BRIEF.
Print exactly the lines from the one containing "Deze bank straalt" through the last line of the entries below; the pictures stay out of the copy.
Top of TASK DATA
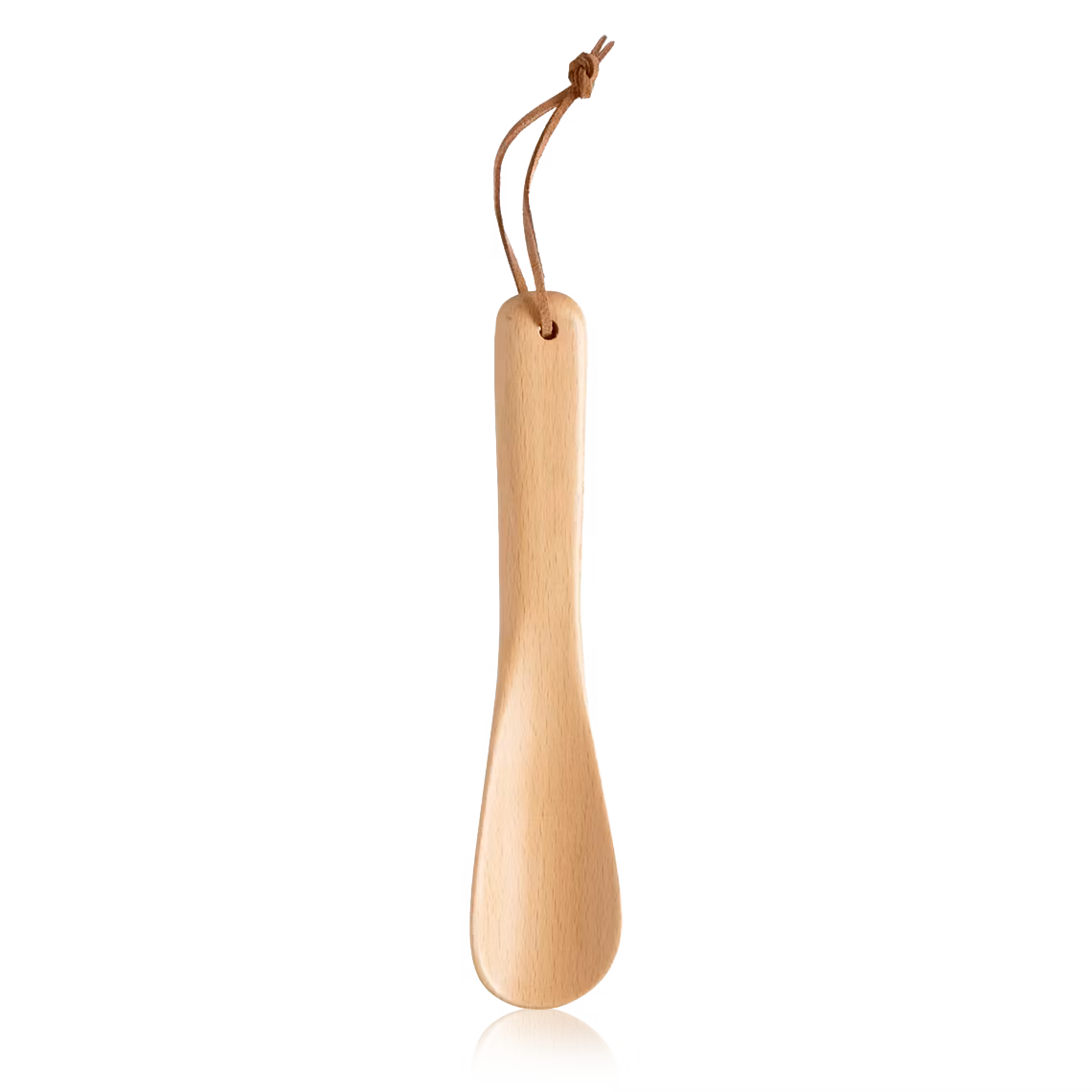 Exklusivt träskohorn i natur. Stilren design med läderband för upphängning. 19 cm lång med läderband.
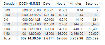 Therefore, in order to display a duration longer than one day, we have to write some DAX code.
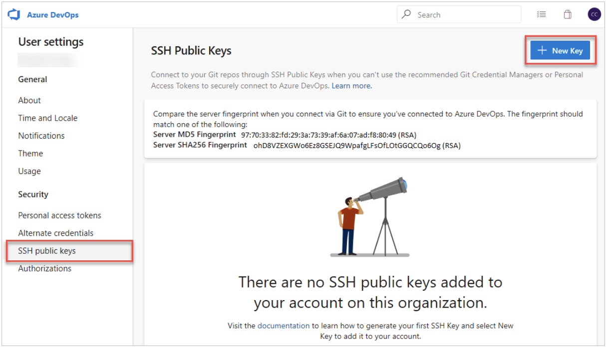Select SSH public keys, and then select + New Key.
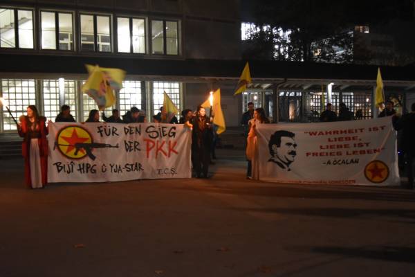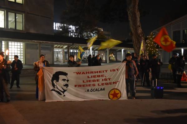 كما رفعوا لافتات التي كتب عليها "الحرية لأوجلان والحرية لكردستان"، ورفعت أيضا صور القائد أوجلان وأعلام حزب العمال الكردستاني .
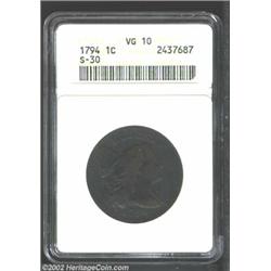 1794 1C Head of 1794 VG10 ANACS. S-30, R.1. The base of Liberty's cap has a dig, with a smaller abrasion near the left field die scratch (as struck) that lends this variety its 'Marred field' nickname. A dark and faintly granular example that is somewhat weakly struck on the upper left portion of the wreath. All legends are clear, and the portrait is sharp for the grade. Important notice: We expect to be auctioning lots at the rate of 200-250 per hour. Sometimes eBay Premier live bid software cannot keep up with that pace, so we strongly recommend that you place a realistic proxy bid now as insurance to avoid disappointment. Also please note that all Heritage/CAA lots purchased through eBay Premier carry a 20% Buyer's Premium. Please make sure you read the Terms and Conditions.
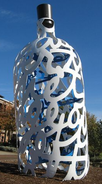 This Hollow Bottle can have any pattern hollowed our of the steel and stands tall and interesting, particularly if you add lighting for night reflections.
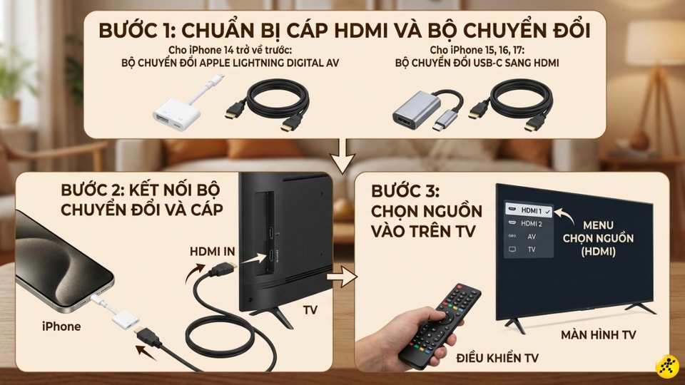 Bước 1: Chuẩn bị sợi cáp HDMI và bộ chuyển đổi (Adapter). Đối với iPhone 14 trở về trước, dùng cổng Lightning; đối với iPhone 15, 16, 17, dùng cổng USB-C.
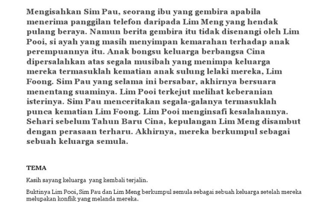 Sinopsis cerpen kuih bakul limau mandarin lim meng yang dihalau oleh bapanya, iaitu lim pooi ingin pulang ke rumahnya sempena sambutan tahun .
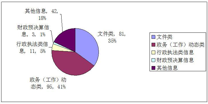 2016年,我局主动公开政府信息455条,其中市卫生计生局门户网站223条,在“中国.鹤山”门户网站232条,其中文件类信息81条,占35%,政务(工作)动态类信息95条,占41%,行政执法类信息11条,占5%,财政预决算信息3条,占1%,其他信息42条,占18%(见图2)。通过政务微博公开信息159条;通过微信公众号公开信息132条。
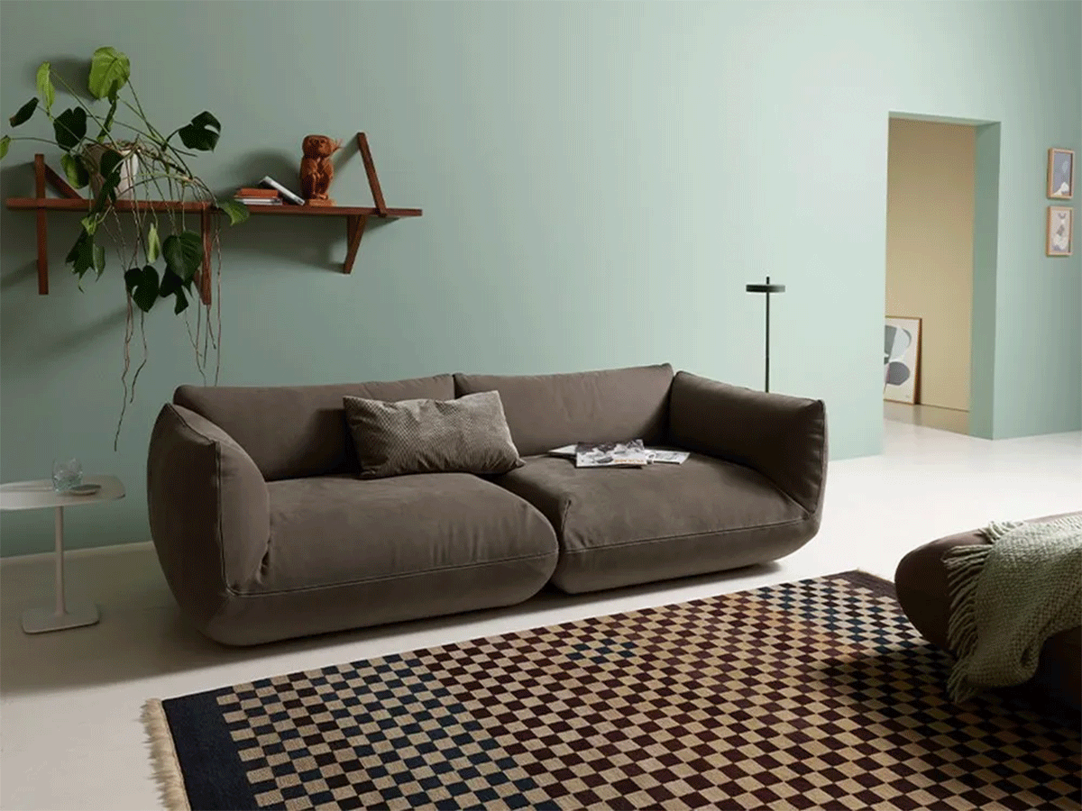 Deze bank straalt een bijzondere vorm van eenvoud uit: geen overbodige details, maar pure vormen die ruimte geven aan ontspanning en samenzijn.
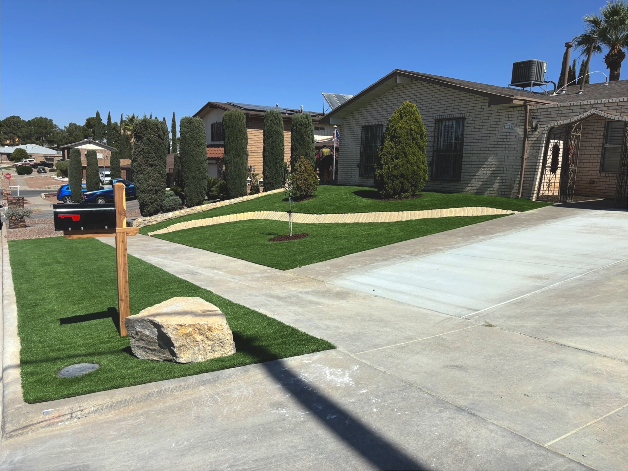 “An amazing experience to watch 915 Yard restoration do the work with a professional team of individuals, incredible equipment and crew all streamlined to perfection. I say it was a jaw dropping Transformation to our front property. Beyond satisfied, we are grateful for such an exceptional company and beautiful work. We will always recommend and use this great company and team! Many thanks to Gilbert the bossman who was always going the extra mile not to mention had great ideas and communication to assists us!”
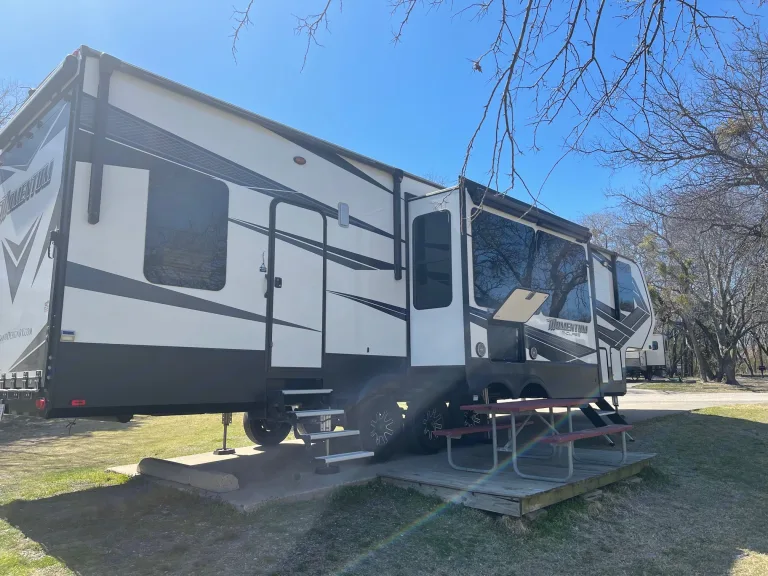 Hi! We are The Brown's! Thank you for taking a look at our Beautiful trailer! We love to travel but also love the comfort of home, so we have created that within this rig. Very spacious for comfort and entertaining family and friends. The master suite has a king-sized bed with two closets and dresser drawers. The kitchen has a residential size refrigerator, 3-burner stove, convection microwave and plenty of pantry space. Living area has a L shaped sofa cozied around fireplace along with a separate 2seat sofa, all which recline with vibrating massage and heat. There is a 4-seat dining table as well. The "toy hauler" section has 2 queen sized bunk beds and when not being used can be lifted and made into an additional dining/hang out area. There are 3 indoor TV's along with outdoor TV and sound system. LED lighting indoor/outdoor for a beautiful ambiance. Off the back of toy hauler there is a fold down fenced in patio perfect for enjoying your morning coffee, evening beverage or to coral small children. We hope you and your family enjoy it as much as we do! What's includedRV comes equipped with all bed linens, pillows, bathroom/kitchen towels, cooking utensils, silverware, pots/pans, coffee pot, toaster, vacuum, trash bags, cleaning supplies, outdoor griddle, outdoor table, outdoor rug, 4 camping chairs, first aid kit, board games and many other little extras.Other things to note*Pet friendly depending on size
Bottom of TASK DATA
COMPLETED EXERCISE.
 Deze bank straalt een bijzondere vorm van eenvoud uit: geen overbodige details, maar pure vormen die ruimte geven aan ontspanning en samenzijn.
 “An amazing experience to watch 915 Yard restoration do the work with a professional team of individuals, incredible equipment and crew all streamlined to perfection. I say it was a jaw dropping Transformation to our front property. Beyond satisfied, we are grateful for such an exceptional company and beautiful work. We will always recommend and use this great company and team! Many thanks to Gilbert the bossman who was always going the extra mile not to mention had great ideas and communication to assists us!”
 Hi! We are The Brown's! Thank you for taking a look at our Beautiful trailer! We love to travel but also love the comfort of home, so we have created that within this rig. Very spacious for comfort and entertaining family and friends. The master suite has a king-sized bed with two closets and dresser drawers. The kitchen has a residential size refrigerator, 3-burner stove, convection microwave and plenty of pantry space. Living area has a L shaped sofa cozied around fireplace along with a separate 2seat sofa, all which recline with vibrating massage and heat. There is a 4-seat dining table as well. The "toy hauler" section has 2 queen sized bunk beds and when not being used can be lifted and made into an additional dining/hang out area. There are 3 indoor TV's along with outdoor TV and sound system. LED lighting indoor/outdoor for a beautiful ambiance. Off the back of toy hauler there is a fold down fenced in patio perfect for enjoying your morning coffee, evening beverage or to coral small children. We hope you and your family enjoy it as much as we do! What's includedRV comes equipped with all bed linens, pillows, bathroom/kitchen towels, cooking utensils, silverware, pots/pans, coffee pot, toaster, vacuum, trash bags, cleaning supplies, outdoor griddle, outdoor table, outdoor rug, 4 camping chairs, first aid kit, board games and many other little extras.Other things to note*Pet friendly depending on size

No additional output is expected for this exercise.